How-to: program in C. Part 3

So far so good. This is already the third part in this series, and we have already made a lot of progress. The past articles explained how to think in code - by introducing functions. This article will probably be one of the most difficult in this series; here we'll touch something which is almost C-specific: the notion of pointers. C is a programming language which lives close to the assembly language, and in assembly languages you spend most of your time moving data around, but in order to do that you need to know where the data is located, hence its address in memory. And this is just what a pointer is. A pointer is an address in your computer's memory, nothing more, nothing less. But when you're working with C, you'll end up with the conclusion that pointers are everywhere. So, after conquering functions and pointers, we should be able to handle almost anything.

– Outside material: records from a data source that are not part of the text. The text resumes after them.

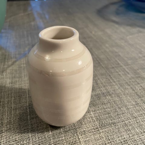 Ment vase. Til å henge på vegg. Noe krakkelert i utseendet. Ingen nagg. 220,- Sendes rimeligst med Postnord 69,- pakken utenfor Fiks Ferdig
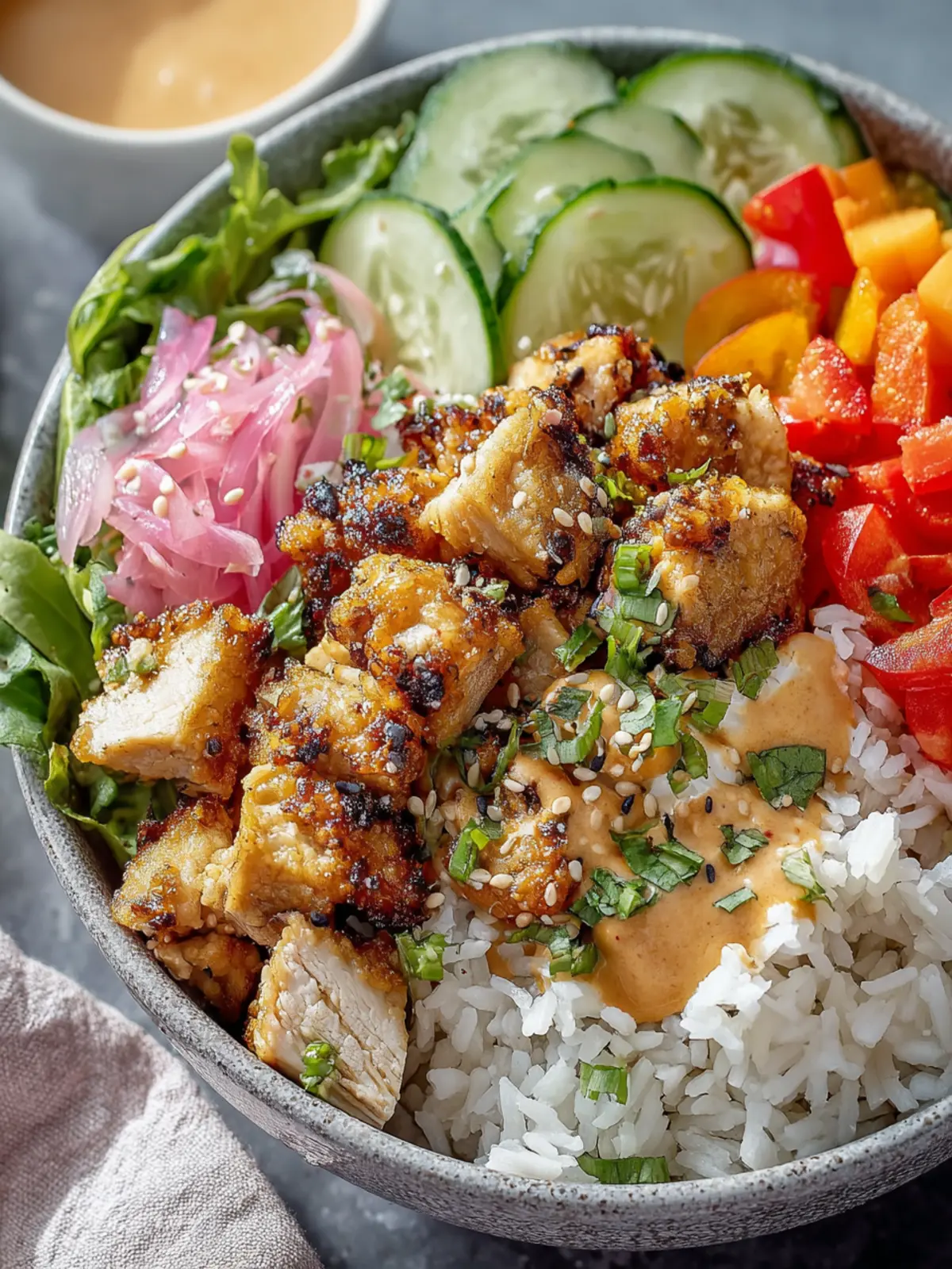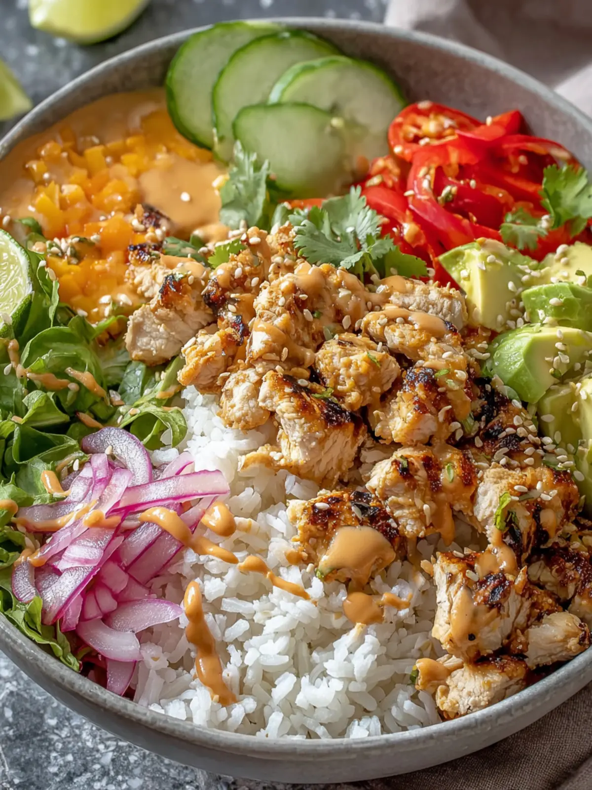 Every element contributes uniquely to the overall flavor and enjoyment of your savory chicken banh mi bowls. Enjoy crafting your culinary masterpiece!
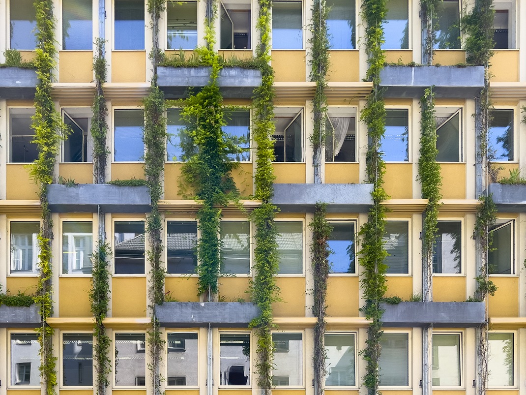 Auch das Begrünen der Fassade kann sehr gut als Sonnenschutz eingesetzt werden. Die Pflanzen beschatten die Fenster. Außerdem geben sie Feuchtigkeit ab, wodurch die Luft ein wenig gekühlt wird (Verdunstungskühlung). Die Stadt Wien fördert straßenseitige Fassadenbegrünungen. Mehr Informationen zur Förderung finden Sie hier.

In this article, I will not present a 'fully functional program'. I will present small snippets between the text, but you are encouraged to fire up your editor and start experimenting. You will also see that I introduce some 'extras' which are not mentioned in the main title. I will, for example, also introduce structures, arrays, strings, … , because I want to see this series evolve into a practical tutorial, and not into a C textbook.

Two operators * and &

When handling pointers, you will encounter two 'extra' operators. These are * and &. It helps, when you look at code, that you read * as 'the value stored at this address', and & as 'the address of this variable'.

int anInt=5;
int * anIntPointer=&anInt;
printf("Address: %p Value: %d \n",&anInt, anInt);
printf("Address of pointer: %p Address: %p Value: %d \n",&anIntPointer, anIntPointer, *anIntPointer);
printf("Size of pointer: %d size of int: %d\n", sizeof(anIntPointer), sizeof(anInt));

Thus, we declare an integer and assign this integer the value 5, we declare a pointer (mind the extra *), and we let it point to the address of the previously declared integer. Next, we print the address of the integer, and the value of the integer. Then we print the address of the pointer, the value of the pointer (which is an address, the address of anInt), and the value the pointer points to. And to end, we print the size of the pointers and the size of the integer. This produces the following output:

Address: 0xbfc819d8 Value: 5 
Address of pointer: 0xbfc819d4 Address: 0xbfc819d8 Value: 5 
Size of pointer: 4 size of int: 4

Here we can see that both pointers and integers are 4 bytes large (which makes sense, since I'm on a 32-bit computer; if you run this on a 64-bit or a 16-bit computer, these values may vary). The address will be different on your system, but the fact that the address of the pointer and the address of the integer are only 4 bytes apart is not a coincidence; they are simply physically stored next to each other. In printf, we use p to print a pointer (in hexadecimal), s to print a string (for more information see man 3 printf). The sizeof() operator used in the printf statement returns the size of an element (in bytes).

Handling arrays

What is an array? An array is simply a list of variables of the same type. In this example, we declare an array of integers where we can store 5 integers. At this point, we also declare how many integers we want to put in there (in this case five). Here we initialize the array at declaration, but we could do it elsewhere in the program as well.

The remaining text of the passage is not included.